On arrival, I scanned most of the photo albums, organized the documents in different thematic boxes and started writing Bohdan’s biography, so as to establish a basic historical context. My task was made easier because my grandfather was  not only a writer, passionate about history, but also an archivist at heart. In addition to the diaries and notebooks, where he detailed every move and his impressions,  he also kept a memo book with a timeline and a list of the trips he had made. Unlike the loose photos I found in several boxes at my mother’s, the same photos in grandfather’s albums had labels with the name of people, places and dates. This allowed me to link facts much quicker. He also kept duplicates of documents which he distributed around the family.

Right after our arrival in May, my first granddaughter, Melina, was born, and 15 days later, my second granddaughter, Lea, whom we went to see in Barcelona in July. Pierre and I spent the whole month there helping my eldest son and wife with the baby. I also took the opportunity to make a pit stop in London to breathe some air, refuel intellectually and just be with dear friends.  However, happiness does not last forever,  and ten days after we returned from Europe, my father passed away at the age of 91. It was time for him to go, he had grown weary.

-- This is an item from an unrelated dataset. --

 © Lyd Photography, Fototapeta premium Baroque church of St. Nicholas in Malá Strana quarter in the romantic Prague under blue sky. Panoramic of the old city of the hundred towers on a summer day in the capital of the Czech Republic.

In the months that followed, as we all tried to get over this, I added a little bit to the biographies and wrote a Wikipedia article  about Bohdan. I was a good exercise to get acquainted with the citation system and strict editorial rules that govern this online encyclopaedia. I am very grateful to Piotr Konieczny aka Prokonsul Piotrus  and Rudolf Ammann aka Ark for lending me a hand in the process and revision. I also entered  the information about the Pawłowicz family I retrieved from a family tree into Marek Minakowski’s specialized genealogy database.

2014

At the beginning of the year, as I rummaged through my father’s papers, I had the idea for another website and project so as to include my father’s biography  (now that I am getting used to writing them) and gather, in turn, information about the Juźwiak  family. The website runs on WordPress as well and is called Silva Rerum, the name my grandfather gave to his diaries. In a way, it’s a continuation of my grandfather’s project, with one generation interval. It takes me to more recent names and times but needs, in turn, a lot of collaborative input and writing from the other members of the family to be updated constantly, time and interest for which is hard to come by in these Facebook times.  Facebook appeals more to young people as the flow of information is quick and constant, it massages the ego and little thought or effort can be expected. Just click a button for a global audience to like you!

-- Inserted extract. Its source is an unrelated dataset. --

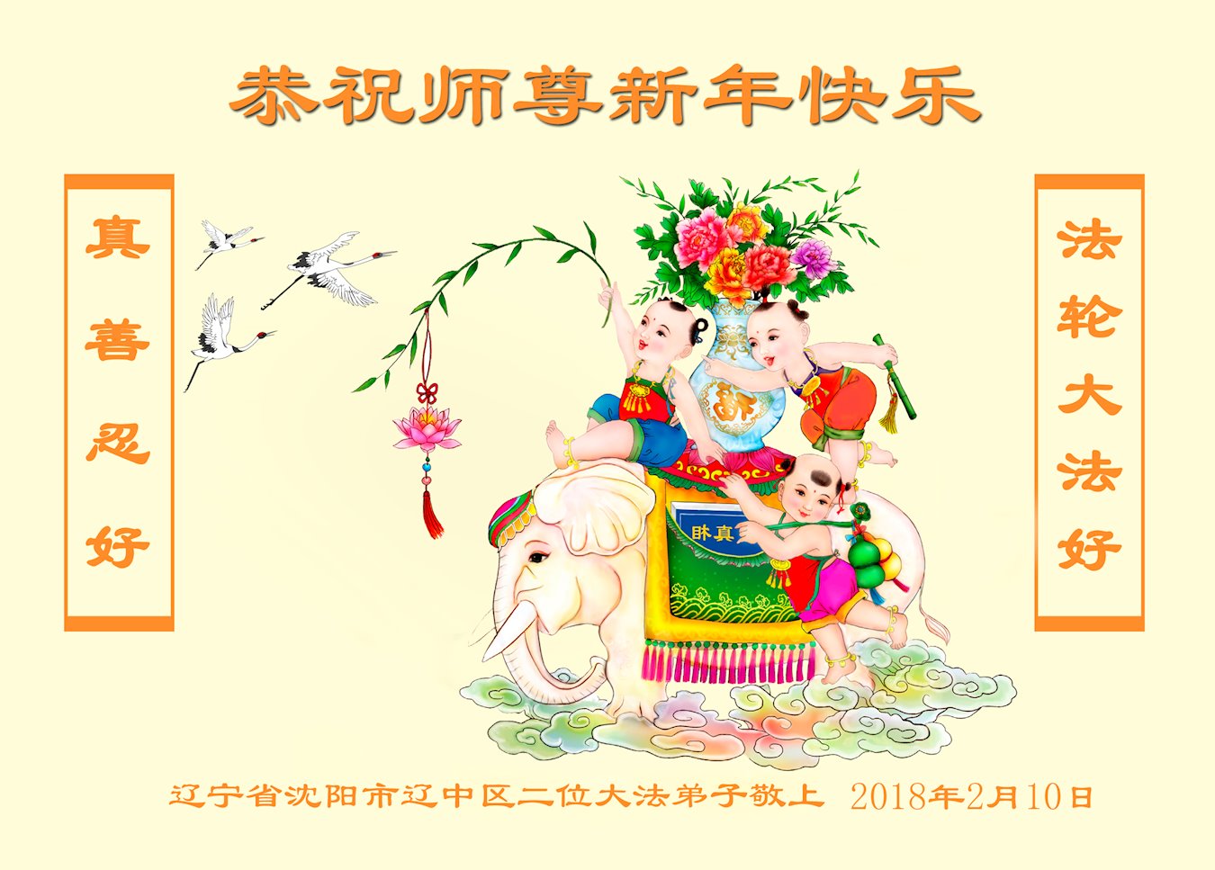 慈悲伟大的师尊:您好!师尊辛苦了! 在二零一八年新年即将来临之际,我们恭祝师尊新年快乐! 弟子们将永远铭记、无限感激师尊的慈悲救度之恩!弟子们决不执着于常人的社会形势,将继续勇猛精進,多学法,遇到矛盾无条件的向内找,在修炼心性上狠下功夫,抓紧时间实修;全力做好三件事,多救人,快救人,兑现史前誓约,功成圆满,共乘师尊法船回家! 弟子们向师尊叩首!给师尊拜年了! 辽宁省沈阳大法弟子给师父拜年!恭祝师尊新年好!

I also dug into a more distant past to find out about the beginnings of the Pawlowicz family in Lithuania. This came from two typewritten narratives about those times, which I translated from Polish to English:

What I remember about the Pawłowicz”, composed by Vanda Daugirdaitė-Sruogienė (Vanda Sruoga), a great grand aunt, who became a re-known Lithuanian historian.
The Pawłowicz Powyrwicie”, fragments taken from  Mykolas Biržiška ‘s memoirs in Lithuanian, translated by Vanda into Polish.

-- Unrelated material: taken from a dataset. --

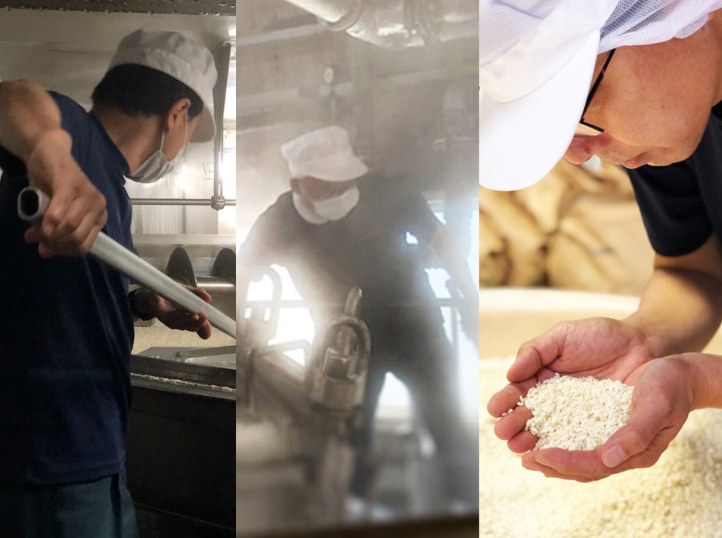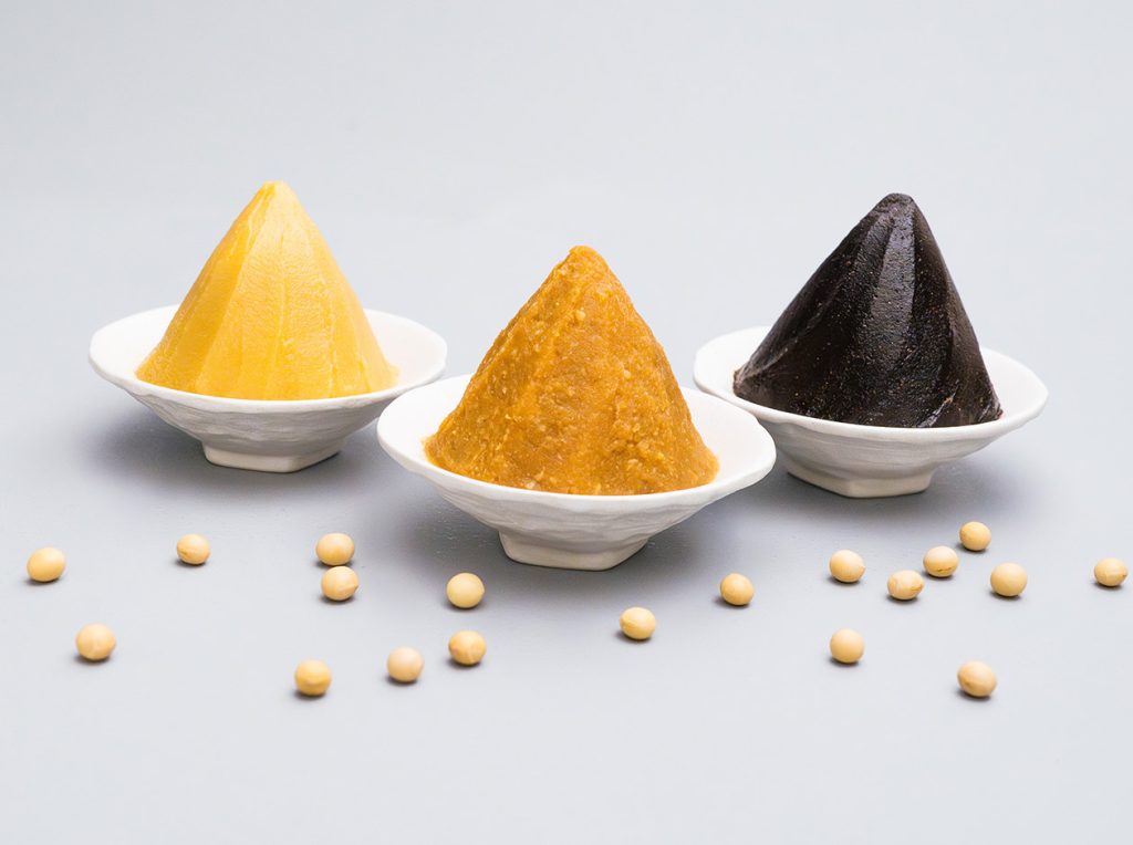 当社のお味噌は圧力釜で大豆を蒸し上げる方式で製造しております。煮るのではなく圧力をかけて蒸すことで、大豆に含まれる旨味を引き出し、味わい深いお味噌に仕上げております。古くからみなさまにご愛顧いただいております定番の米みそは、調味料などを加えず、大豆・米・塩のみで製造しておりますので、昔ながらのお味噌本来のお味をお楽しみ頂けます。

This has shed light on people and places, and while doing so, I found out that the ancient Pavirvytės manor , built by my great great grandfather, is now being was restored by its new owner through a European funding aiming at the preservation and revitalization of Lithuanian cultural heritage. Well done!  (link updated on April 15th 2017)

My youngest son, Christophe,  got married in October 2014 and my middle son, Jacques, got divorced.  Life goes on with its pleasant moments, work, dumb times like playing Scrabble on the iPad, familiar routines, painful separations, breaks, delays, disturbances and unforeseen adventures.

2015

I have been examining two pieces of software which may help me in the project:  Omeka, to archive my primary sources  and Transkribus, which may eventually allow for the transcription of some of grandfather’s handwritten and printed manuscripts.  I am presently translating some more of Bohdan’s articles and writing a bit again.

Pourvu que j’ai le temps de tout faire: surviving, archiving and documenting the lot, while I still remember.